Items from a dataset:
Content starts
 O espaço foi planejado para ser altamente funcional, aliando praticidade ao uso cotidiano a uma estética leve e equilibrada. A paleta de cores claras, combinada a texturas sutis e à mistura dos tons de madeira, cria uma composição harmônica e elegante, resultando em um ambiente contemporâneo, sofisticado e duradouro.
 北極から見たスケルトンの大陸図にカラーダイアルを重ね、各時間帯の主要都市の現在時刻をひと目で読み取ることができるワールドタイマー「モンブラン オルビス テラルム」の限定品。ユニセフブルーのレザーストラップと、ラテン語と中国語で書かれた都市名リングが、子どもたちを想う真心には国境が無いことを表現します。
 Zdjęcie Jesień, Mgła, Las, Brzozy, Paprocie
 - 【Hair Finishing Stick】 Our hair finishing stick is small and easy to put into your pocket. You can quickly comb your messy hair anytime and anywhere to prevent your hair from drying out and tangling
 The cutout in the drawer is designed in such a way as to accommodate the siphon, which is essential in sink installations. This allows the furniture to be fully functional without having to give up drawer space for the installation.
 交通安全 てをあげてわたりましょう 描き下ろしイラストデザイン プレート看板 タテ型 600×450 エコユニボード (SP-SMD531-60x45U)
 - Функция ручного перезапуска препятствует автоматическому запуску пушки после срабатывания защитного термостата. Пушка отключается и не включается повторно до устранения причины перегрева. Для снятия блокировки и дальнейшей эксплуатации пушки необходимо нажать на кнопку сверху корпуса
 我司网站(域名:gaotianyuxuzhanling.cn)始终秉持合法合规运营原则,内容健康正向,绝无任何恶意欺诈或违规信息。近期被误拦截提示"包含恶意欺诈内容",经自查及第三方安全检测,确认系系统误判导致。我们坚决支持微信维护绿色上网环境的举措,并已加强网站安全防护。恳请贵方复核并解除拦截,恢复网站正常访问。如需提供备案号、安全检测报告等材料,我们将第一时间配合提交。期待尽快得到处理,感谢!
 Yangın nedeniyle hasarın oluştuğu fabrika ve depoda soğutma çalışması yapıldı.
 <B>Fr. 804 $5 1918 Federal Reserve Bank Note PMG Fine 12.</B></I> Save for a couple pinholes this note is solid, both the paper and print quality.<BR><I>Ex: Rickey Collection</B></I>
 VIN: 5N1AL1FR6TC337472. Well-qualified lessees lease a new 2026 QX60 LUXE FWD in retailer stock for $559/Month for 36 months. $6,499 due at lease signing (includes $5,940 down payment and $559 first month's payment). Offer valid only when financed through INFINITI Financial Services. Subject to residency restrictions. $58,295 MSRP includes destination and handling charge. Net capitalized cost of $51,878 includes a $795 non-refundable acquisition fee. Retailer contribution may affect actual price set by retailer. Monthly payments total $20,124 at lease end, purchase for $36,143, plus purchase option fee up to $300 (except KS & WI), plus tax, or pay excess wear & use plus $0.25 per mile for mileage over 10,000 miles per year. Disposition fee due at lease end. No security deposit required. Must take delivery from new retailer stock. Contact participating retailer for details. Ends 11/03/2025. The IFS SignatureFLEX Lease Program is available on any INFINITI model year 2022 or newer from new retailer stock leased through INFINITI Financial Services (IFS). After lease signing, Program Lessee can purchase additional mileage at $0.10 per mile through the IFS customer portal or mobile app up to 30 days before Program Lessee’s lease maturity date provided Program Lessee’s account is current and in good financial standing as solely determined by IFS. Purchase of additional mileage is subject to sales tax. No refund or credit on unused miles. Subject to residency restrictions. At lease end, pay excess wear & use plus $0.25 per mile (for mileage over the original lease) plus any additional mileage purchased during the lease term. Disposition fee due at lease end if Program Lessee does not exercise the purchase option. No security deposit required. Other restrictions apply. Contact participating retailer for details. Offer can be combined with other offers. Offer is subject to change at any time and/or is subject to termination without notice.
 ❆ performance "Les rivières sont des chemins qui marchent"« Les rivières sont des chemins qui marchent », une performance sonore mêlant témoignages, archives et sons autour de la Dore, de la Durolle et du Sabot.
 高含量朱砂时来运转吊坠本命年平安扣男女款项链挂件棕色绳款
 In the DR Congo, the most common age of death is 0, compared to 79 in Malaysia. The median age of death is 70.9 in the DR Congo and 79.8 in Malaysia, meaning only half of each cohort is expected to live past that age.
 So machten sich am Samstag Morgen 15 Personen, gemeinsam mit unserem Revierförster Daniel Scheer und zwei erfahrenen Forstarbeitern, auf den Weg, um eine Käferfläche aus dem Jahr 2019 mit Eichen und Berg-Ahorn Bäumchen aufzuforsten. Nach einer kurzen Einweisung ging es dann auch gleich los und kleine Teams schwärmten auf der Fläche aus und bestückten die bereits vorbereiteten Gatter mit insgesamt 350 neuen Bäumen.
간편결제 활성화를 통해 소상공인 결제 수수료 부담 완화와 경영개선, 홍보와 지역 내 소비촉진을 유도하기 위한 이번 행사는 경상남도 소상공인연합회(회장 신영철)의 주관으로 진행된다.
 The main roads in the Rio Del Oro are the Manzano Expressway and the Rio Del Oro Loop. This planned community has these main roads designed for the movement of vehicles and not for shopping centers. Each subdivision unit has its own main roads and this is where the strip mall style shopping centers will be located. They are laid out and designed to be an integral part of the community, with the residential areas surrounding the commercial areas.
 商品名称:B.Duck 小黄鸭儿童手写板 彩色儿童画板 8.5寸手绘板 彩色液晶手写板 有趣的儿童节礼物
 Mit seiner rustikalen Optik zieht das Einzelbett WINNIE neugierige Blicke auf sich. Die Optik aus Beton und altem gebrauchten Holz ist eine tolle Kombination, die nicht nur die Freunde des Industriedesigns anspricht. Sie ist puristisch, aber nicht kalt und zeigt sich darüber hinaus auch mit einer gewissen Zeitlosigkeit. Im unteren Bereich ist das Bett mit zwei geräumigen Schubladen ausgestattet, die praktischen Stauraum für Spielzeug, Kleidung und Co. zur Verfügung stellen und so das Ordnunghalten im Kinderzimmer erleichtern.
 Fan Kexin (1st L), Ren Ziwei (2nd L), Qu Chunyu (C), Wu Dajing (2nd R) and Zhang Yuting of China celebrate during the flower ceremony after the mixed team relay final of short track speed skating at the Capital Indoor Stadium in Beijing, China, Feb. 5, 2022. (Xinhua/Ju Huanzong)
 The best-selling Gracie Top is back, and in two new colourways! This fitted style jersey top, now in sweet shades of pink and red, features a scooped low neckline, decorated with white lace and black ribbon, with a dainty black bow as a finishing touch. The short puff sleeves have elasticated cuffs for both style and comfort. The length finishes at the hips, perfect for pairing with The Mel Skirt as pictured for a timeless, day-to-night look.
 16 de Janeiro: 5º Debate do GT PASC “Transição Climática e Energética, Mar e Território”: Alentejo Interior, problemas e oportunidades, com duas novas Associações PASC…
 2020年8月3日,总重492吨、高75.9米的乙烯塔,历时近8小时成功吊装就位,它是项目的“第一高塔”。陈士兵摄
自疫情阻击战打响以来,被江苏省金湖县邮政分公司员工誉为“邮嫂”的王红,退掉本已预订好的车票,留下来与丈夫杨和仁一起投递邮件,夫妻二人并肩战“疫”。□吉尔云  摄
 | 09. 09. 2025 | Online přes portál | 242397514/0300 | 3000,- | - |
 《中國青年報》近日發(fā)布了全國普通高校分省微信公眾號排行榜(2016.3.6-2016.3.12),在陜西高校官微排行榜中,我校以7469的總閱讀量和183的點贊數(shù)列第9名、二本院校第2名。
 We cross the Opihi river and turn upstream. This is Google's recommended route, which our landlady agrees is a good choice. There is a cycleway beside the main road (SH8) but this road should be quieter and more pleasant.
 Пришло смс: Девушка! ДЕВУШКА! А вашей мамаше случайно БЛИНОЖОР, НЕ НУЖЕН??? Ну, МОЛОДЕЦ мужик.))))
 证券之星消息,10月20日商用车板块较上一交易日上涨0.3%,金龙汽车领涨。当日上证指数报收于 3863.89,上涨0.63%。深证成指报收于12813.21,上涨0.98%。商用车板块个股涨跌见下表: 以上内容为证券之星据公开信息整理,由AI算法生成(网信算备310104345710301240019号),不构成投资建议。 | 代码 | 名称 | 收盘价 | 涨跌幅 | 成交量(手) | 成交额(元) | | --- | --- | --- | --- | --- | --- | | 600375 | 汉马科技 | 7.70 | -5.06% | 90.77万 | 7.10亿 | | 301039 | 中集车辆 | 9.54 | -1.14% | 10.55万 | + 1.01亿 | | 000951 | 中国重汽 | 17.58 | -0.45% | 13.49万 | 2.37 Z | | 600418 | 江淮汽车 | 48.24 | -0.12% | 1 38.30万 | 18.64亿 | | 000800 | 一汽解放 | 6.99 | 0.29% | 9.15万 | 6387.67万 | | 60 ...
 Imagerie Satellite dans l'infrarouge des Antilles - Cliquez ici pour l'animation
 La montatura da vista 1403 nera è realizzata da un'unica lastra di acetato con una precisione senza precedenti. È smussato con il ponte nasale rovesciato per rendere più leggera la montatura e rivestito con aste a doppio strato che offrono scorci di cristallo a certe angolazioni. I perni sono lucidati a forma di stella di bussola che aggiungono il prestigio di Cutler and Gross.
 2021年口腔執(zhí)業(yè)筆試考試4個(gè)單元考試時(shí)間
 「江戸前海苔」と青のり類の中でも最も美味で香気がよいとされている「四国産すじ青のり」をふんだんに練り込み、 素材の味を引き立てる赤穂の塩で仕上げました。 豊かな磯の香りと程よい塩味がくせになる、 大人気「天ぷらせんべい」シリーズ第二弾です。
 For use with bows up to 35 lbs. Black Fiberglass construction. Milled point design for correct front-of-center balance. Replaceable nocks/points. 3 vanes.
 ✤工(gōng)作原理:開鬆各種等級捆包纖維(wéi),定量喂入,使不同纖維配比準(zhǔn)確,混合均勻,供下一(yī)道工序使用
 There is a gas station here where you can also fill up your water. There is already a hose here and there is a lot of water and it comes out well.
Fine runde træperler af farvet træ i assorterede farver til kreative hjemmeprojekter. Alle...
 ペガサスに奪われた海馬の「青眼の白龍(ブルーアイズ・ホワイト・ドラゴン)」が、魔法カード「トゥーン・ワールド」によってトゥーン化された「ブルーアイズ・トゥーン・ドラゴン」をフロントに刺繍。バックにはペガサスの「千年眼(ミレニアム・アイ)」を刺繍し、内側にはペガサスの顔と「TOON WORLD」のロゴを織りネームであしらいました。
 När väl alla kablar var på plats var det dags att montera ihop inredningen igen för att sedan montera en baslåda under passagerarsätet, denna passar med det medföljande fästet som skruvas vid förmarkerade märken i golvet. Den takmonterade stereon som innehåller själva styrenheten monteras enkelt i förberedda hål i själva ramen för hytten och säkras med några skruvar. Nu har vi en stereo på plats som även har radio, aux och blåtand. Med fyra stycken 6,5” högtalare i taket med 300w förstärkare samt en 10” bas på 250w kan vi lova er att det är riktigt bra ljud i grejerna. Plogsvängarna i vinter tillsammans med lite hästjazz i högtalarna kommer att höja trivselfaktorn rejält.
Content ends
# Task item
Each line of the data that contains "sich" belongs in the answer.

# Response box
 So machten sich am Samstag Morgen 15 Personen, gemeinsam mit unserem Revierförster Daniel Scheer und zwei erfahrenen Forstarbeitern, auf den Weg, um eine Käferfläche aus dem Jahr 2019 mit Eichen und Berg-Ahorn Bäumchen aufzuforsten. Nach einer kurzen Einweisung ging es dann auch gleich los und kleine Teams schwärmten auf der Fläche aus und bestückten die bereits vorbereiteten Gatter mit insgesamt 350 neuen Bäumen.
 Mit seiner rustikalen Optik zieht das Einzelbett WINNIE neugierige Blicke auf sich. Die Optik aus Beton und altem gebrauchten Holz ist eine tolle Kombination, die nicht nur die Freunde des Industriedesigns anspricht. Sie ist puristisch, aber nicht kalt und zeigt sich darüber hinaus auch mit einer gewissen Zeitlosigkeit. Im unteren Bereich ist das Bett mit zwei geräumigen Schubladen ausgestattet, die praktischen Stauraum für Spielzeug, Kleidung und Co. zur Verfügung stellen und so das Ordnunghalten im Kinderzimmer erleichtern.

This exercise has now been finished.